Don Stitt (born January 25, 1956) is an American actor and playwright who has been featured in four Broadway musicals, appeared 20 times on the Late Show with David Letterman, and starred in countless commercials.

Stitt graduated from Carlmont High (1973) and attended San Francisco State University (1977), in 2007 he received his MFA in professional writing from Western Connecticut State University.

Born January 25, 1956 in Stamford, Connecticut, Stitt had an early fascination with magic and magicians. A visit to the Society of American Magicians convention in 1965 resulted in his first paid, professional booking as a Dutch boy doll in The Magical Spirit of Christmas, a musical presented by The Manhattan Savings Bank, which starred legendary magician and author, Milbourne Christopher.

In 1968, he did a radio commercial for Teen magazine, for which he also wrote the ad copy.

At San Francisco State University, Stitt wrote, directed, choreographed, and scored several full-length musicals.

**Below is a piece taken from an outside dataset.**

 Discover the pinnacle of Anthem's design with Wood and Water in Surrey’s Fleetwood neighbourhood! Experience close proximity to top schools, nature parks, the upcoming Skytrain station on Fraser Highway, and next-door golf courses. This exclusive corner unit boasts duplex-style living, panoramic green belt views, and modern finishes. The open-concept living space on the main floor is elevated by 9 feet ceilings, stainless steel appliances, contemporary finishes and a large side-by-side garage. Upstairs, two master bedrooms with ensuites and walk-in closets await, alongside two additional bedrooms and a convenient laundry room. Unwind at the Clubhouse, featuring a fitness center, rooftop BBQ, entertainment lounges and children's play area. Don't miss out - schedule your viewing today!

One of them, A Kid's Summer Night's Dream, was produced professionally in New York in 1979 and was revived in Minnesota in 2006, where it won 6 awards.

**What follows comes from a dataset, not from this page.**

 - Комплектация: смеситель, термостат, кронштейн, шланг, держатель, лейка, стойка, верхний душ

When he was 20, Stitt became the first full-time replacement in the long-running musical, Beach Blanket Babylon.

A year later, he became a member of Actors' Equity Association as a cast member of The Great American Backstage Musical.

In 1978, Stitt created, coauthored, codirected, and choreographed  "Irving Berlin in Revue" which would run for two years at the Chi Chi Theatre Club in San Francisco's North Beach district, and which was revived in 1993.

Stitt was featured in the original Broadway casts of Do Black Patent Leather Shoes Really Reflect Up?, Late Nite Comic, and Buddy: The Buddy Holly Story. He also appeared as Marcus Lycus in the 1996 Broadway revival of A Funny Thing Happened on the Way to the Forum, replacing Ernie Sabella.

He toured nationally in Cole Porter's Can-Can with Chita Rivera and The Rockettes for over a year.

In 2007, Stitt received an MFA in playwriting from Western Connecticut State University.

The same year, he presented his autobiographical solo-piece, The Voices in my Head Have Formed a Choir and Somebody's Singing Flat! at the Edinburgh Fringe Festival.

He won an AWP award for his poem, "Ode to Bobby", in 2005. He was also honored by Musicals Online for his book and lyrics for Roscoe: A Slapstick Tragedy. 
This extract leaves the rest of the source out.